◆ WHAT THE EXERCISE ASKS ◆
A faithful copy of all the data is the goal; omit the pictures.

◆ INFORMATION SHOWN ◆
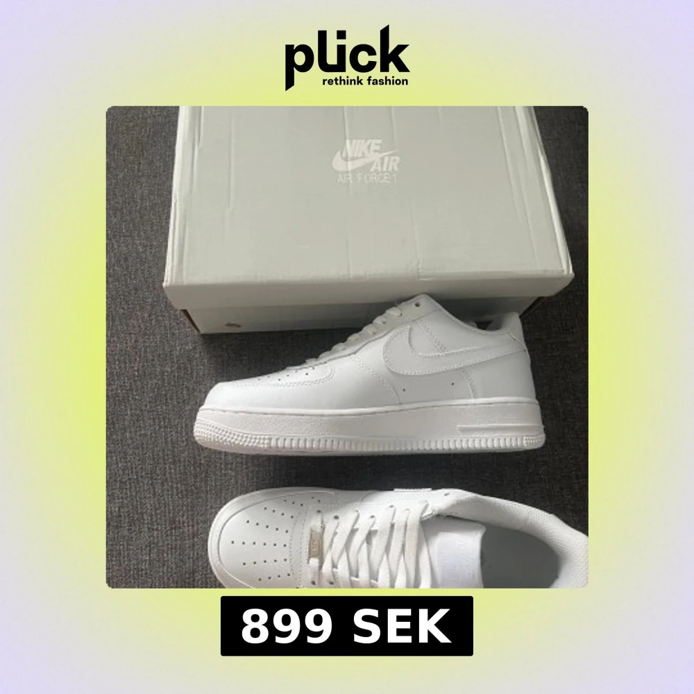 Klassiska Nike Air Force 1 i helvitt skinn med låg profil och perforerad tå. Snygg och tidlös modell med vit sula och diskret Nike-logga på sidan. Perfekta för dig som vill ha en clean och stilren look till vardags.
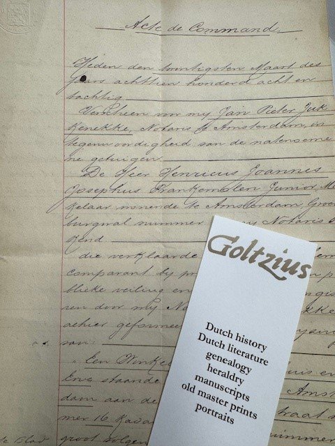 Acte de Commande handwritten and signed by civil notary Jan Pieter Jukkenneke dated 20 March 1888 concerning Oude Doelenstraat 16 Amsterdam. 3pp. handwritten official document signed by civil notary Jan Pieter Jukkeneke dated 20 March 1888 with Henricus Joannes Josephus Frankemolen Jr. real estate agent (makelaar), who bought the mentioned house for Henricus Gerardus Franciscus Wennink, shopkeeper, who resided in the house next door (Oude Doelenstraat 18), two witnesses: Van der Drift and Takes.
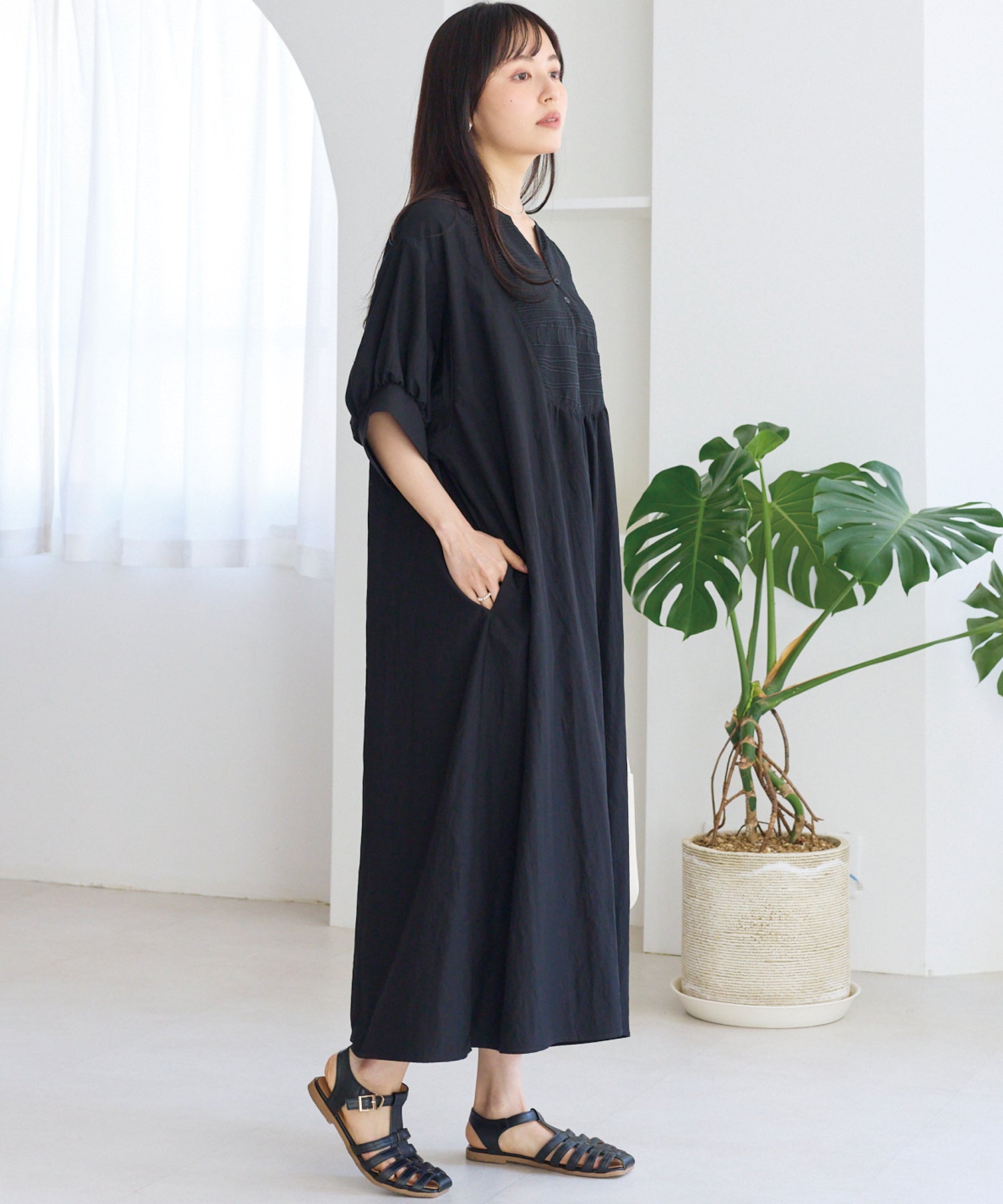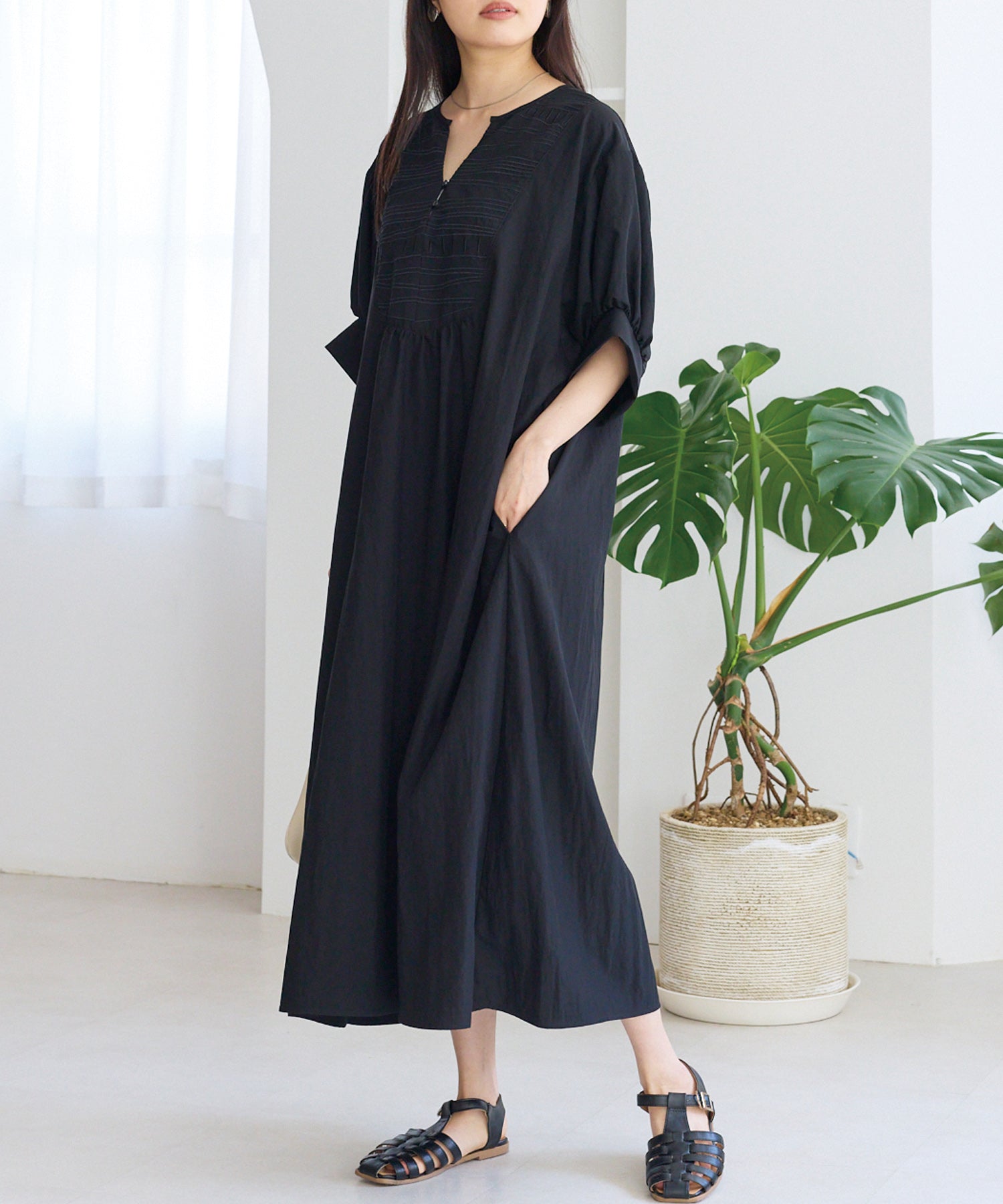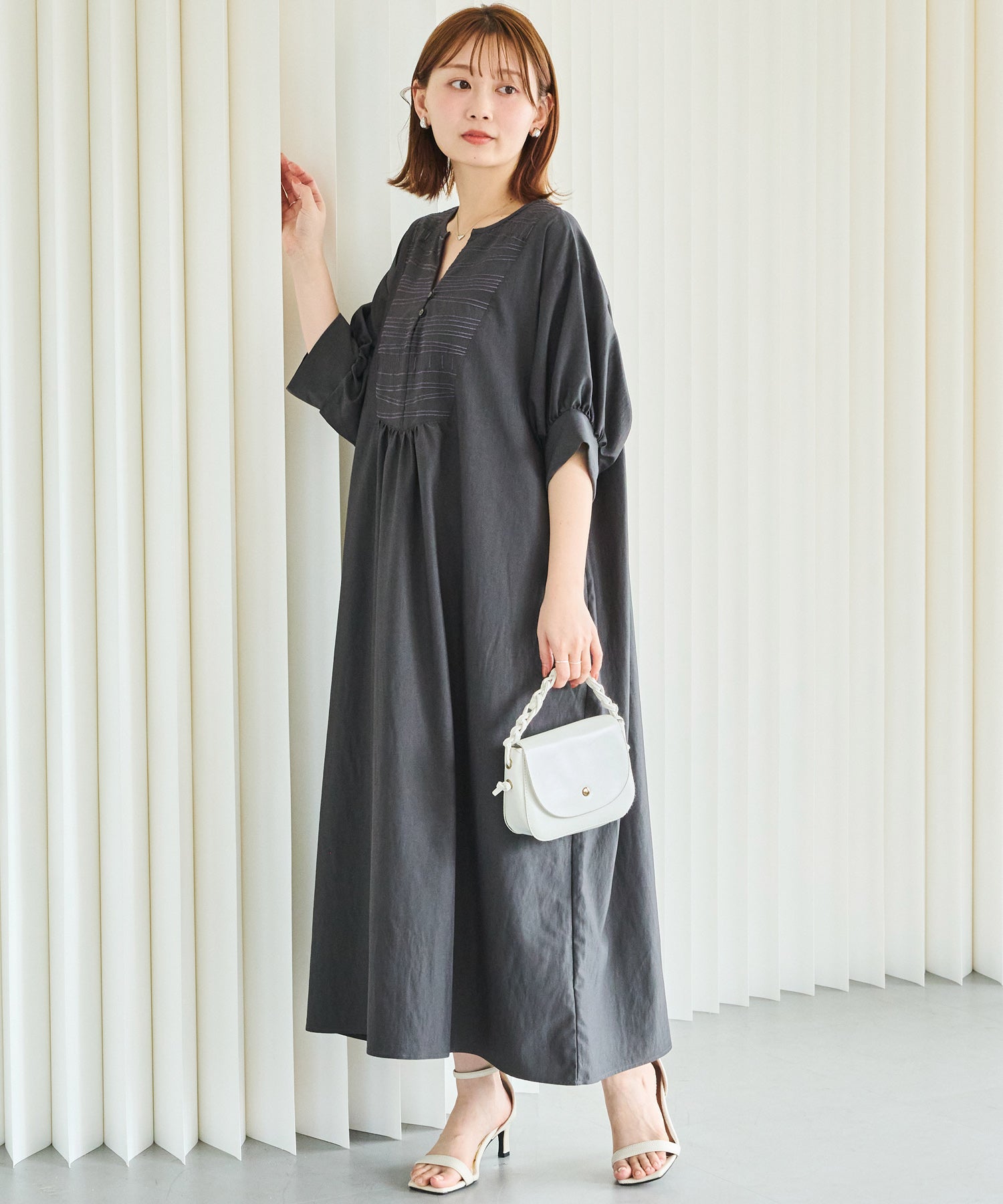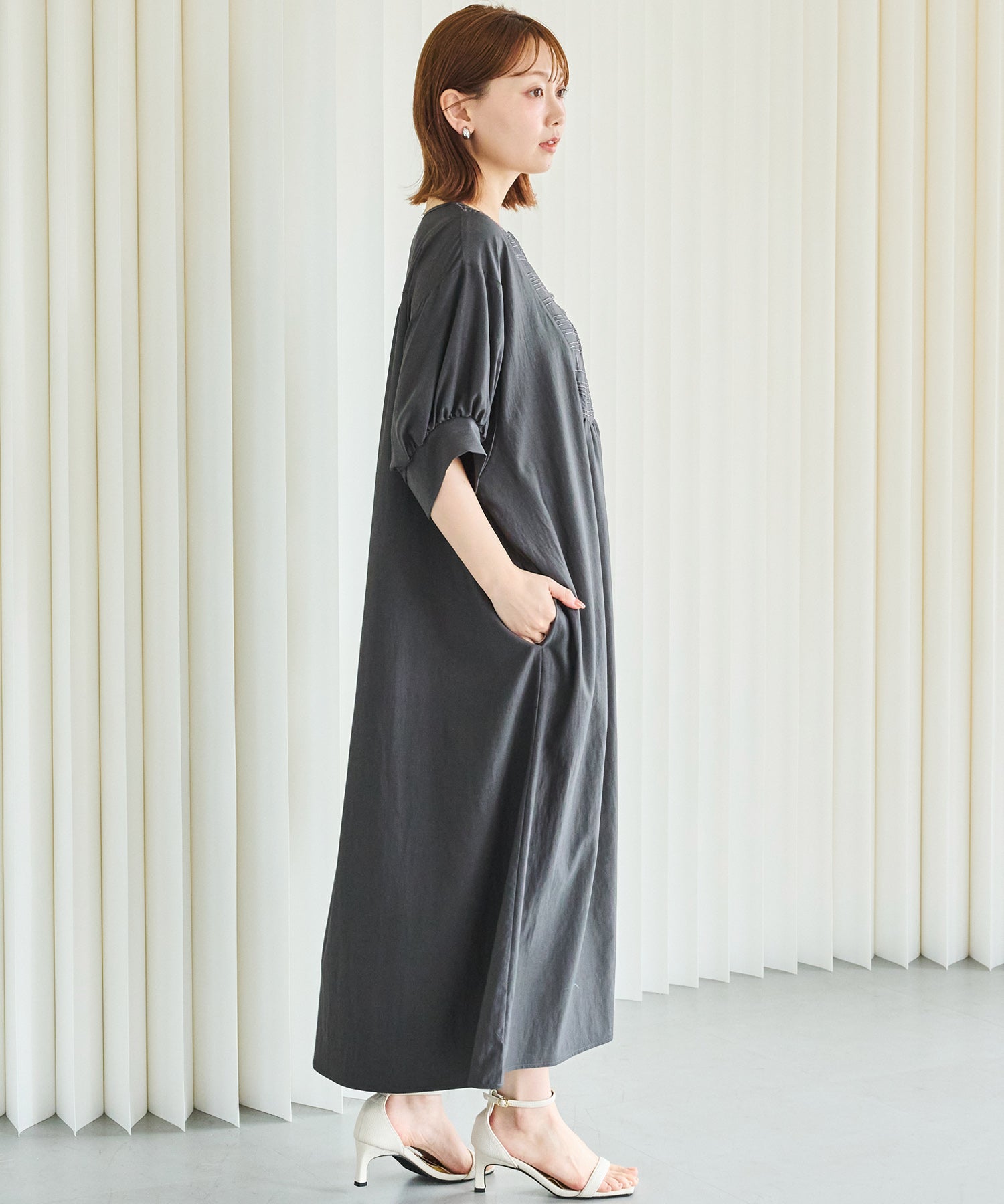 胸元の切替部分に施した繊細な刺繍が、シンプルながらも上品なアクセントに。

◆ WRITTEN RESPONSE ◆
 Klassiska Nike Air Force 1 i helvitt skinn med låg profil och perforerad tå. Snygg och tidlös modell med vit sula och diskret Nike-logga på sidan. Perfekta för dig som vill ha en clean och stilren look till vardags.
 Acte de Commande handwritten and signed by civil notary Jan Pieter Jukkenneke dated 20 March 1888 concerning Oude Doelenstraat 16 Amsterdam. 3pp. handwritten official document signed by civil notary Jan Pieter Jukkeneke dated 20 March 1888 with Henricus Joannes Josephus Frankemolen Jr. real estate agent (makelaar), who bought the mentioned house for Henricus Gerardus Franciscus Wennink, shopkeeper, who resided in the house next door (Oude Doelenstraat 18), two witnesses: Van der Drift and Takes.
 胸元の切替部分に施した繊細な刺繍が、シンプルながらも上品なアクセントに。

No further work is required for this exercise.